As Park Nicollet Clinic notes, the closing argument that Dr. Connelly performed a polypectomy shifted the Vaciks' theory of the case. Their original theory, as suggested by Dr. Davidson's expert testimony, was that Dr. Connelly was using the Xomed to clear infected tissue from Vacik's maxillary sinus and inadvertently bumped the orbital floor with the tool, causing the hole through which Vacik's orbital fat prolapsed. Dr. Davidson was testifying under the assumption that Vacik did not have polyps and that Dr. Connelly did not perform a polypectomy. Only after Dr. Connelly testified that he never used the Xomed after accessing the maxillary sinus unless polyps were present did counsel for the Vaciks argue in closing that the doctor was indeed performing a polypectomy, which would have involved further use of the Xomed.

As a general rule, "[a] party may not try his case on one theory, and upon motion for a new trial or appeal shift to another." People's State Bank of Cleveland v. Dickie, 191 Minn. 558, 560, 254 N.W. 782, 783 (1934). Because the nonexistence of polyps was an accepted fact before and during trial, Park Nicollet Clinic was unprepared to defend the claim that Dr. Connelly performed a polypectomy and could not do so when the Vaciks' attorney raised the theory for the first time in her closing argument.

Further, Dr. Connelly was never asked at trial to interpret the progress note or to explain why it stated that Vacik received a polypectomy when all other evidence at trial showed that Vacik did not have polyps. The note was not self-explanatory because it referenced what may be two different surgical procedures—a functional endoscopic sinus surgery and a polypectomy. See Gross v. Victoria Station Farms, Inc., 578 N.W.2d 757, 762 (Minn. 1998) (stating that expert testimony is necessary to explain technical medical evidence that "is outside the realm of common knowledge"). The attorney's attempt to use the progress note to argue that Dr. Connelly performed a polypectomy, without any testimony explaining the note, is therefore not "borne out by the record" and the district court properly exercised its discretion in precluding counsel from using the record to draw the inference for the jury that a polypectomy occurred. Connolly, 258 Minn. at 420, 104 N.W.2d at 732; see Poston, 540 N.W.2d at 94 ("An attorney may not introduce statements or conclusions unsupported by the evidence in closing argument.").

Moreover, the Vaciks cannot show any actual prejudice requiring a new trial. "An error is prejudicial if it might reasonably have changed the result." Torchwood Props., 784 N.W.2d at 419 (quotation omitted). Because no other evidence or testimony at trial suggested that Vacik had polyps or that Dr. Connelly performed a polypectomy, even if the district court allowed counsel to argue, from one cryptic note, that a polypectomy occurred, this evidence would not have changed the result.

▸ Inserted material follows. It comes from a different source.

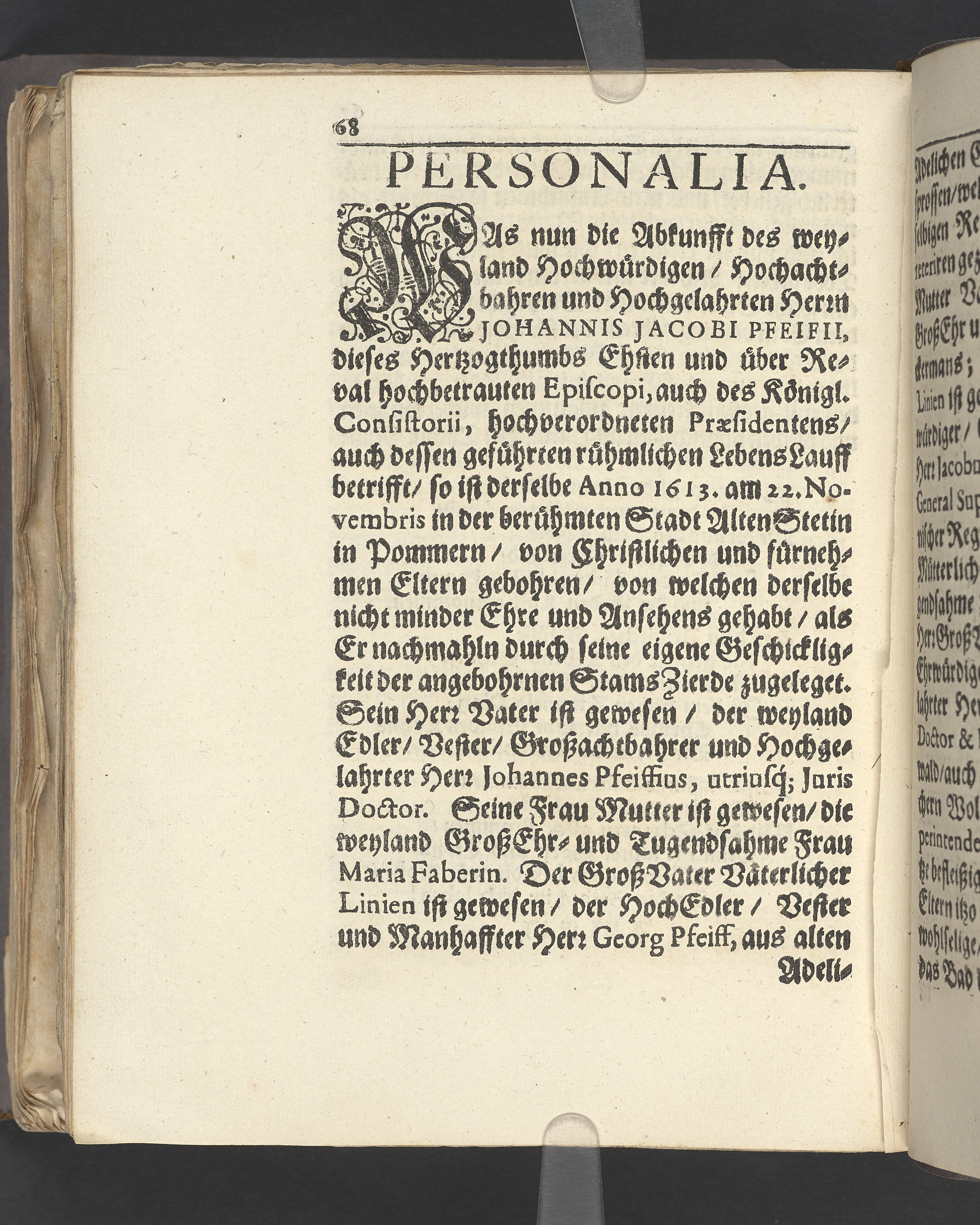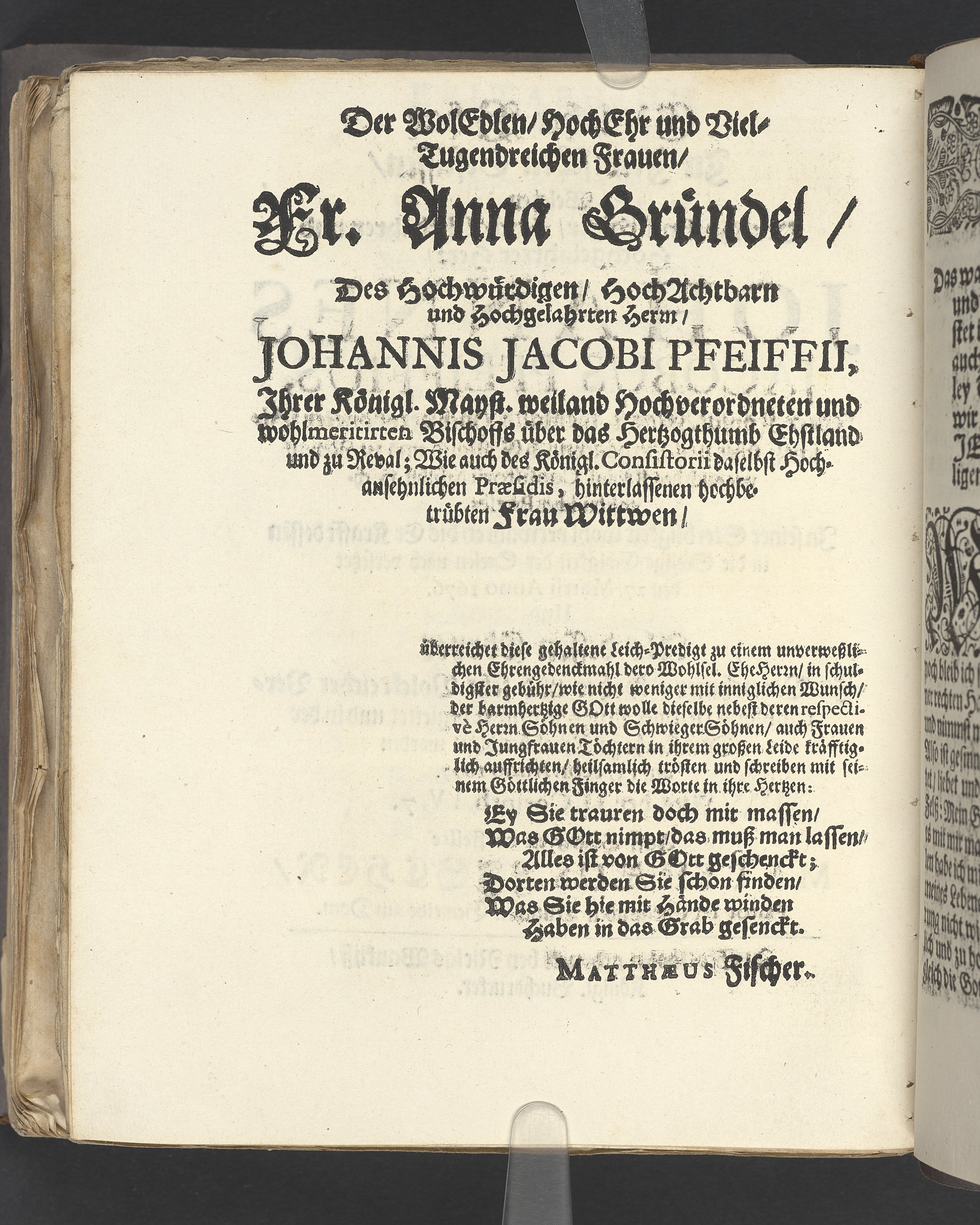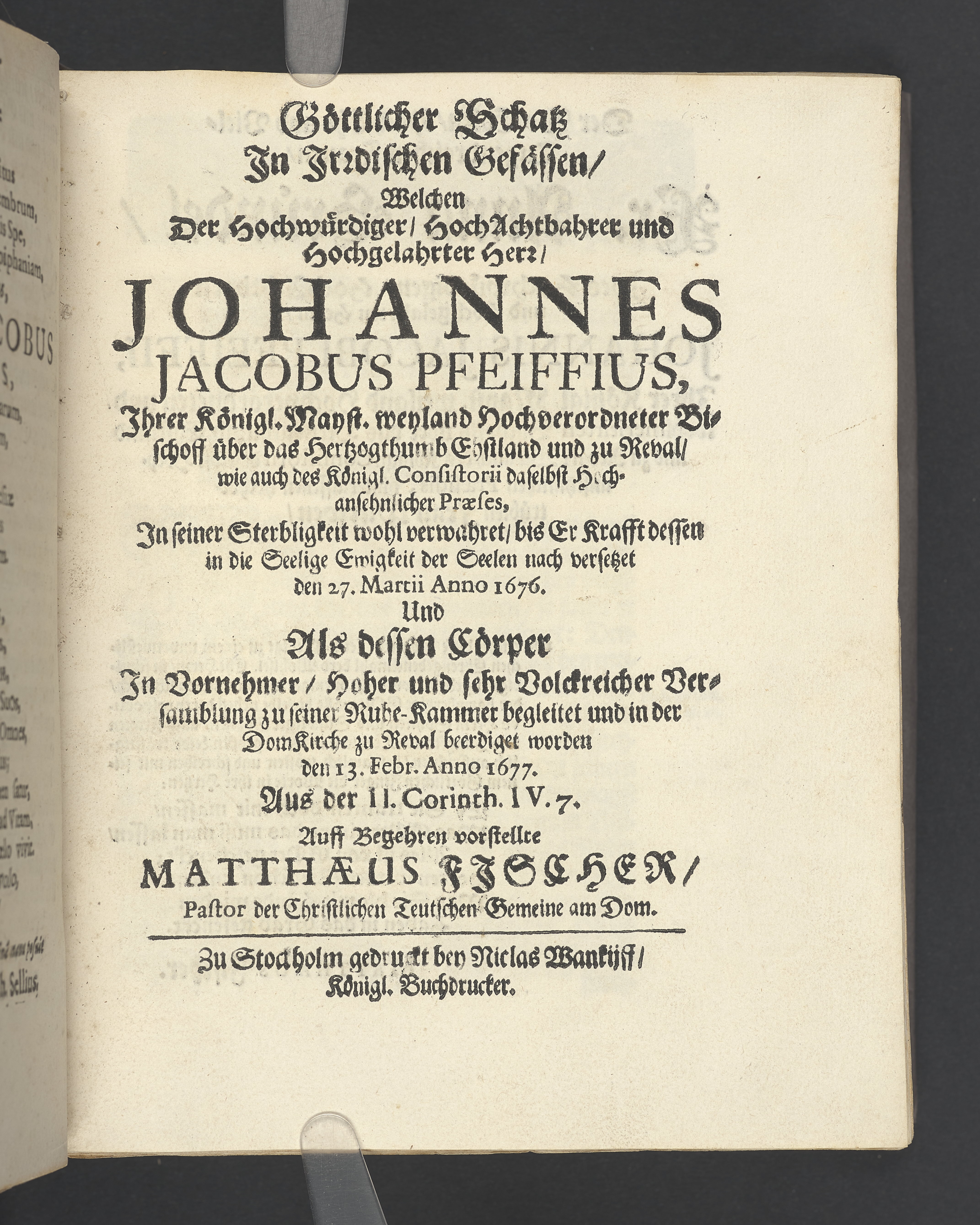 Göttlicher Schatz in irrdischen Gefässen, welchen ... Johannes Jacobus Pfeiffius ... Bischoff über das Hertzogthumb Eystland ... Als dessen Cörper ... zu Reval beerdiget worden den 13 febr. anno 1677 ... Auff Begehren vorstellte Matthæus Fischer ... Zu Stockholm gedruckt bey Niclas Wankijff.

Dr. Connelly gave an opinion as to the cause of Vacik's injuries that did not involve negligence and the jury credited that testimony. The doctor further testified that the Xomed could not have caused the injury by explaining that significant bleeding, which was not seen during Vacik's surgery, would have occurred if the Xomed had bumped the orbital floor. Moreover, evidence of the natural dehiscences found in both the left and the right orbital floors also supports the verdict. Any possible error in limiting counsel's closing argument was therefore not prejudicial because it would not have reasonably changed the jury's verdict. In sum, the district court properly exercised its discretion in denying the Vaciks' motion for a new trial and they received a fair trial.